By Rhiannon Hoyle and Robb M. Stewart
Global mining companies are re-examining how they pay their
chief executives, aiming to diminish the impact of external
factors--like swings in commodity prices--that can mask a leader's
true performance.
At issue are big bonuses linked to total shareholder returns
that can swell or shrink depending on how a company's share price
performs. Miners--like companies in other sectors--say pay deals
that rely too heavily on these bonuses can encourage risky behavior
such as taking on big expansion projects or employing severe
cost-cutting initiatives that, in some cases, take years to clean
up.
Instead, mining companies argue pay should be linked more
closely with strategic targets, because that would better reflect
what an individual executive can influence. A number of big miners
including BHP Group Ltd., Rio Tinto PLC and South32 Ltd. are
seeking to make changes to their executive pay plans, some starting
from next year.
"Mining companies' profitability, and therefore executive
remuneration, is highly cyclical and strongly driven by market
factors that are outside of their control," said Bill Hartnett,
stewardship director at Aberdeen Standard Investments, which holds
about 3.2% of BHP's London-listed stock for clients.
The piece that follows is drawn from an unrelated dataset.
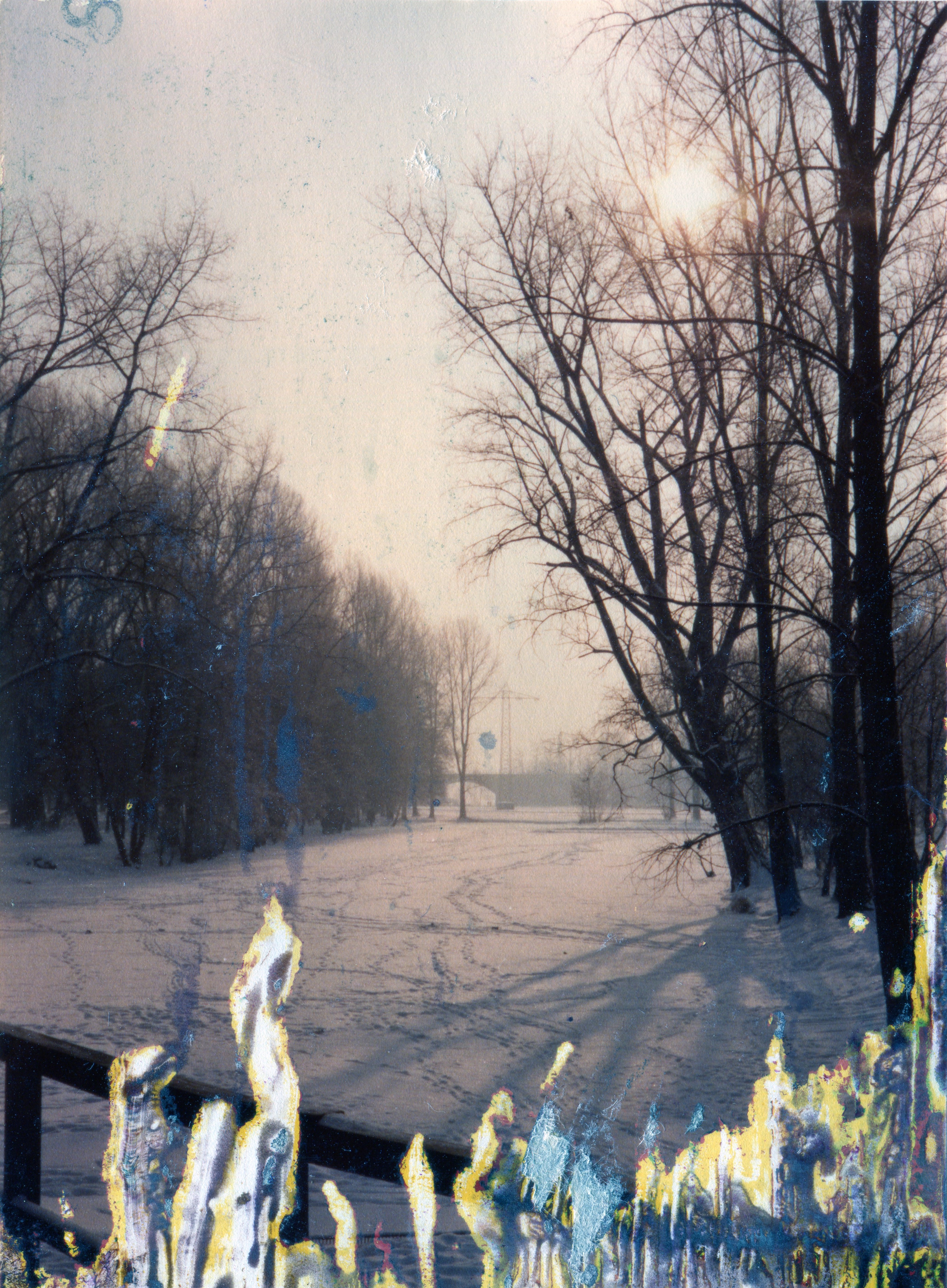 | Beschreibung | Der Waldmannsweiher, Januar 1985 – im Hintergrund die Siebenbogenbrücke, Aufnahme vom Hardsteg aus | ||
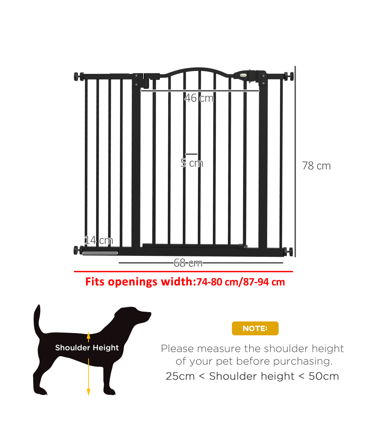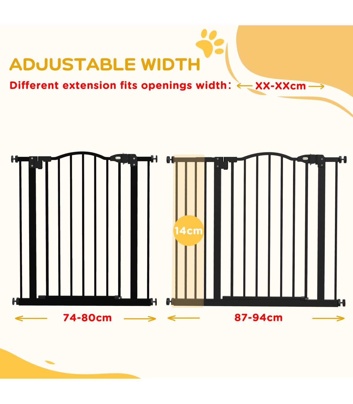 • Adjustable width between 74cm and 80cm/87cm and 94cm, fits different doorways and frames

BHP already has seen the pay for its CEO decrease in recent
years. Marius Kloppers, who stepped down as CEO in 2013, earned as
much as $16 million a year during a tenure that coincided with a
China-led boom in prices for some of BHP's top commodities
including coal and iron ore.
His successor, Andrew Mackenzie, who took home a total of $3.5
million for fiscal 2019, has operated the company during a period
of falling commodity prices as the world digests increasing amounts
of supply from natural gas to iron ore.
Messrs. Kloppers and Mackenzie declined to comment.
Forecasting the cycle of commodity prices is a hazardous
business. Bad weather sometimes disrupts supply, while demand for
metals and minerals can rise or fall on political edicts,
especially in China.
Another big weakness in the current system: Building a mine or
bringing an oil field into production can take longer than the time
horizon for determining bonuses. That is especially the case when
permits are needed from regulators or new infrastructure such as
pipelines or railroads must be built.
BHP's directors say linking more pay to a performance scorecard
could be the answer. New stock awards would be held back for five
years so that directors can be sure that management took decisions
proven to create value. Those proposals were overwhelmingly
accepted in final voting on the company's revamped policy at a
meeting of Australian shareholders Thursday, with about 94% of
holders of the U.K. and Australia listed shares agreeing to the
changes.
Had this policy been in place for Mr. Kloppers, he would have
earned $19 million, or about 25%, less during the roughly five
years through mid-2013, BHP said. Mr. Mackenzie would have earned
only 2%, or $1 million, more than he has in the years since
succeeding Mr. Kloppers.
It might not be the last changes made by the company. Directors
also plan next year to clarify and strengthen the link between
performance on climate-change goals and pay, BHP said.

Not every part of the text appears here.